Он замолчал. Вероника Александровна чувствовала себя рядом с ним просто, и эта странная встреча в кафе уже не казалась странной, и Мишка вблизи не так раздражал, как в институтской аудитории, и ссора с матерью теперь съежилась, уменьшилась со вселенской беды до размеров рядовой размолвки.
– Пойду, – глянув на часы, сказал Мишка. – Полвагона осталось, быстро раскидаем. А вас – с наступающим, в этом ведь уже не увидимся! – пошли предпраздничные дни, и в институте не было занятий. – Желаю здоровья и успехов. – Он поднялся.
– Спасибо, Миша. И вам счастья, – тут она нашлась, – и чтоб тяжести были полегче, меньше на плечи давили!
– Ничего! – Он ушел быстро, а буфетчица сердито забрала со стола пустые бутылки. Вероника Александровна поднялась – делать ей тут было больше нечего.
Экзамен преподавателю Воробьевой поставили сразу после Рождества, во второй половине дня. Студенты заходили в аудиторию повышенно почтительные, предупредительные, с белыми лицами, и ей нравилось их волнение. Но на списывание она смотрела сквозь пальцы, прощала все их жалкие ухищрения, шпаргалки; Иохимсон вызывающе сел прямо перед ней, показывая, что он кристально чист, и эта демонстративная честность ей была почему-то неприятна. Списывали для верности все, но отвечали, несмотря на единый источник, по-разному; и она, в общем, справедливо ставила «уд.», «хор.», и «отл.»; курс воспрял; за дверью уже сдавшие экзамен уверяли трясущихся и сомневающихся – «Принимает душевно». Бородатый Головлев все время подготовки просидел, вперив взгляд куда-то в вышину, не написал ни строчки. Отвечал он ей медленно, странными склеенными фразами, как будто читал из космоса. Губкин честно списал и отбарабанил ей вопросы, совершенно не вдумываясь в смысл; но и он принарядился к экзамену – волосы его были красиво разложены по груди и спине. В пять часов за окнами уже было темно, зажгли люстры; яркий желтый свет выкрасил комнату; где-то была зима с пронизывающим ветерком, обиженным карканьем ворон, суетой воробьев у мусорных ящиков, а здесь шел экзамен, и на полном серьезе люди рассуждали о «структурных единицах», «подсистемах», «языковых рядах». Вероника Александровна как будто томилась, чего-то ждала. Чего же? Потом она поняла, что дожидается Бондырева, а его все не было и не было. Он заявился под конец экзамена; когда она уж и перестала его ждать, зашел в последней пятерке; видно было, что явился с мороза; здоровый, алый румянец заливал его щеки, лоб, подбородок, и даже уши пламенели. Он был в хорошем, ладно сидящем на нем костюме, впрочем, было заметно, что под мышкой он зажал книгу, а карманы, набитые «бомбами», оттопыривались. Он сосредоточенно взял билет – средней тяжести; сел за последний стол и, стесняясь, краснея через румянец, стал подглядывать ответы в учебнике.

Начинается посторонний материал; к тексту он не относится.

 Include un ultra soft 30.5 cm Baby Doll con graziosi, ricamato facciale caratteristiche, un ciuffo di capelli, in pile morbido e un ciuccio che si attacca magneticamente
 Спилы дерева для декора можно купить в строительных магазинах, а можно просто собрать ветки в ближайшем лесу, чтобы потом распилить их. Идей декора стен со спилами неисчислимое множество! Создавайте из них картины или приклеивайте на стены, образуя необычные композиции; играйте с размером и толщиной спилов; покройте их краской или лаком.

Отвечал он последним, за дверью стих шум, смех, истерические крики – все разошлись. Она слушала его и не слушала, утомленная хлопотливым днем, и голова ее болела так, будто она сама сдавала очень ответственный экзамен. Мишка отвечал хорошо, не путаясь, но скудно, неразвернуто. Она хотела было поставить ему пятерку, но в последний момент передумала и вывела «хор.». Но он все равно обрадовался, и тогда она попросила его отнести сборники упражнений в читальный зал, а сама поднялась в деканат, отдала ведомость. Было как-то пусто, скучно, было жаль, что все кончилось. Она оделась, вышла из здания, зябко пожимая плечами, двинулась к метро.
– Такая толпа в читалке, – раздался над ухом голос, она даже вздрогнула – это был Мишка, – еле сдал. Вечер, разбирает их учиться.

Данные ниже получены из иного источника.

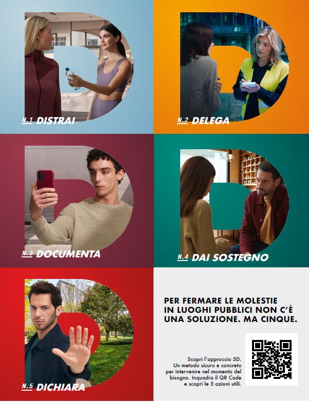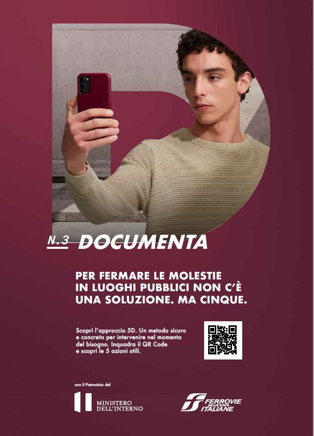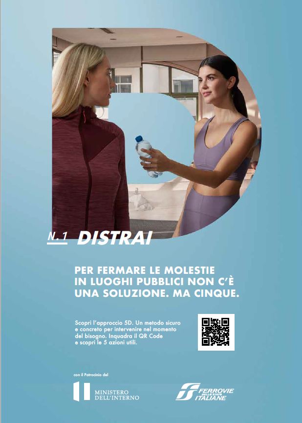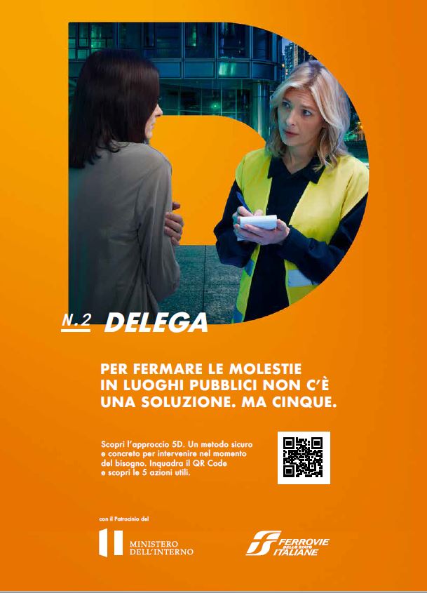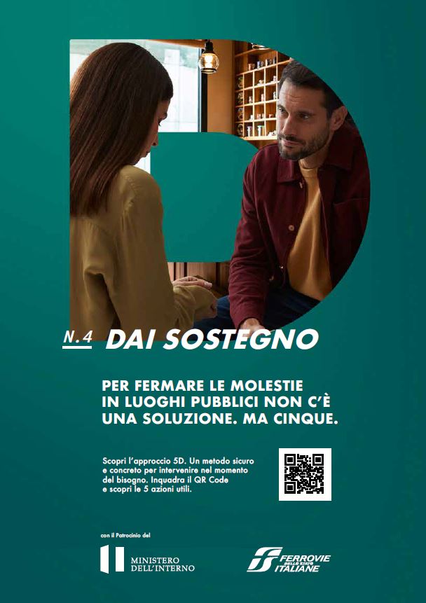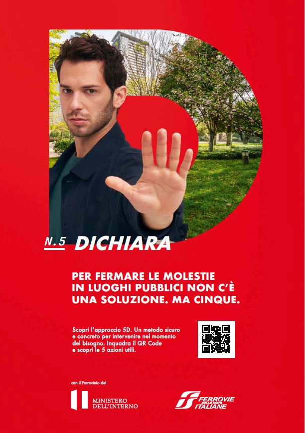 Ferrovie dello Stato Italiane ha diffuso in tutta Italia le 5D, un metodo di intervento testato e sicuro contro le molestie in luoghi pubblici, sviluppato dall’associazione Right To Be, una ONG americana con focus sulla lotta alle molestie. La campagna conduce tramite QR code ad una landing page dove assistere gratuitamente ad un video training di dieci minuti circa sull’uso della metodologia. La campagna è stata diffusa su tutti gli asset FS e non solo: la creatività è stata on air per un mese sui videowall delle 10 più grandi stazioni italiane e in più di 100 stazioni su tutto il territorio nazionale, in più di 30 stazioni di servizio Anas, nelle fermate e sui bus di Busitalia, sui Regionali e AV Trenitalia, su Bus e Treni FSE, nelle biglietterie, erogatori automatici e sale Lounge, su un treno AV con Livrea con grafica 5D, nei Videowall di importanti piazze di Milano, Roma e Torino, nel Portale Frecce e sul magazine La Freccia, sulle Pagine Social del Gruppo FS e con Repost social degli account societari e su alcune testate esterne. L’obiettivo della campagna è abilitare le persone alla metodologia delle 5D, cinque soluzioni da adottare se si assiste ad una molestia in luogo pubblico, per mettere chiunque nelle condizioni di poter intervenire in sicurezza. Il target di riferimento della campagna abilitante sono tutte le persone (indipendentemente da genere, età, etnia ecc.), proprio perché è il contributo di tutti ad essere fondamentale per arginare un fenomeno così diffuso e difficile da affrontare.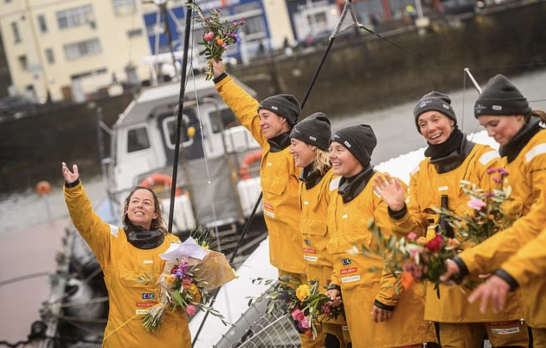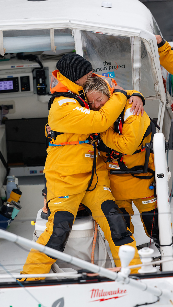 在海上航行近两个月后,船只最终抵达法国布雷斯特港的那刻,8名女性船员再也按捺不住内心的激动。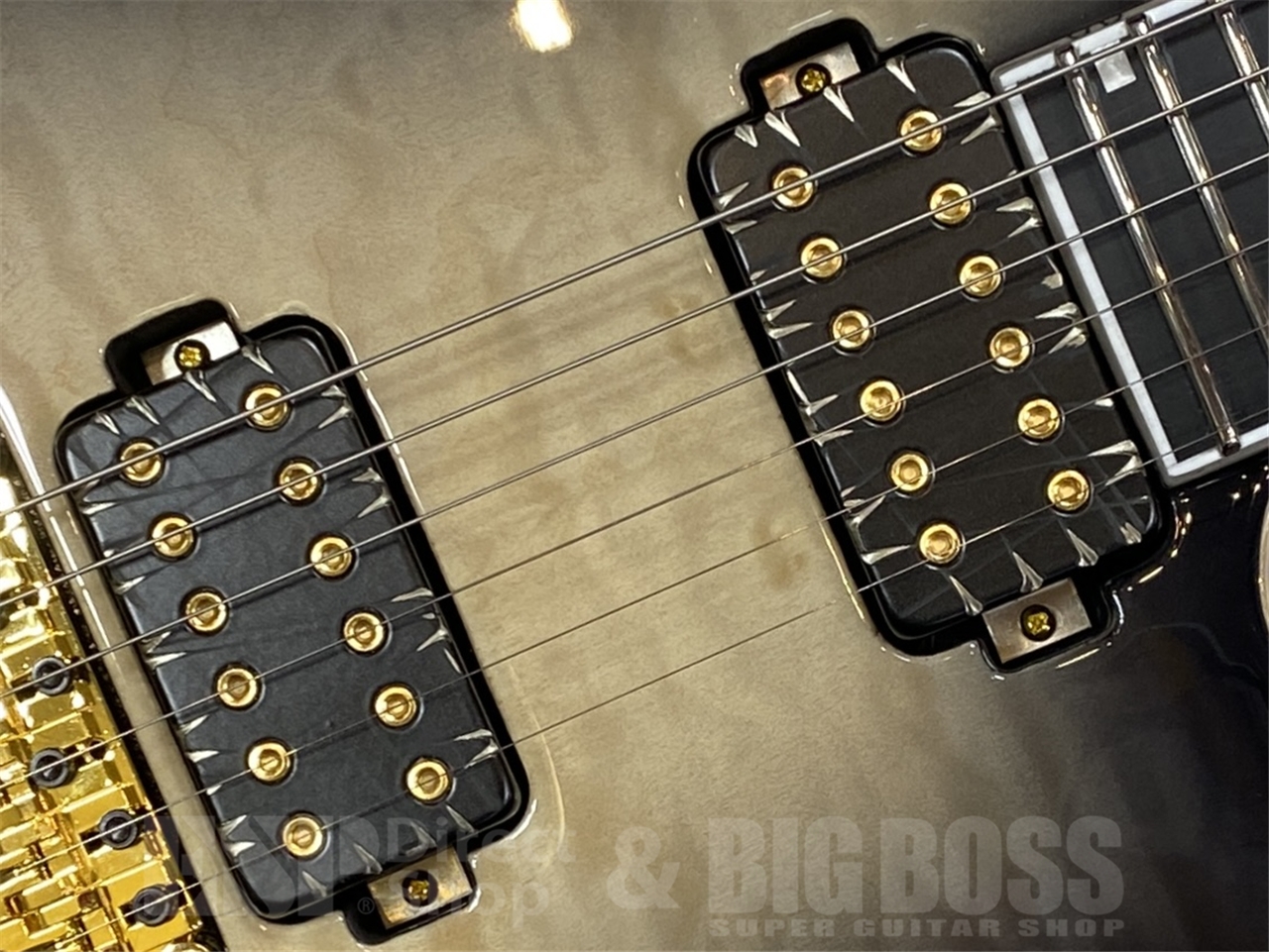 ブリッジにはフロイドローズオリジナルを搭載しています。ピックアップはパッシブタイプのBare Knuckle Aftermath Battlewormで、ボディにダイレクトマウントで搭載されています。マスタートーンのノブを引き上げる事で、コイルスプリットできます。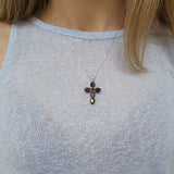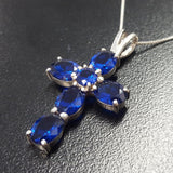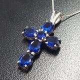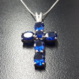 Cross Sapphire Necklace set with Created Sapphire in a top grade & deep blue color, at 5mm each (0.6 Cts combined).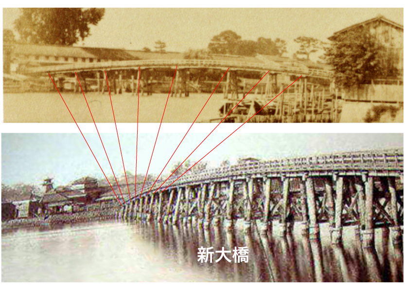 新大橋は、元禄六年創架当時長さ京間で100間、幅が3間7尺の大橋であった。
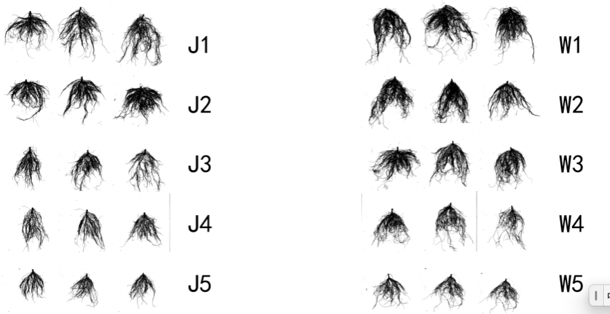 图5B 不同处理条件下菊花根部生长状况

– Сессия, – радостно поддержала разговор Вероника Александровна.
– А вы далеко живете? – Он был, как всегда, прямодушен.
Она назвала адрес.
– Давайте провожу, – по-рыцарски предложил Мишка.
Она обрадовалась, но постаралась не подать вида, пожала плечами:
– Проводите.
Но ей было приятно, очень приятно, и когда они тряслись рядом в метро и из-за шума не могли разговаривать, и когда шли по хорошо освещенной улице к ее дому (она выбрала путь подлиннее), и когда Мишка рассказывал о том, чем занимался с утра: «Встал, голова дубовая, Рождество с ребятами отмечали вчера; так под душ залез, освежился холодным, и – за книжку. В голову трамбовал, трамбовал, без обеда. Когда поешь – тоже работы никакой, в сон клонит. А сейчас, что ж, можно и закусить...» Они стояли у ее мрачного, безлюдного подъезда, даже собачников нигде поблизости не было. Флора Егоровна сегодня как раз была на сутках, сторожила проходную.
– Миша, хотите ко мне зайти, посмотреть, как живут преподаватели? – Она пыталась выговорить это в шутку, но голос ее предательски дрожал, вибрировал.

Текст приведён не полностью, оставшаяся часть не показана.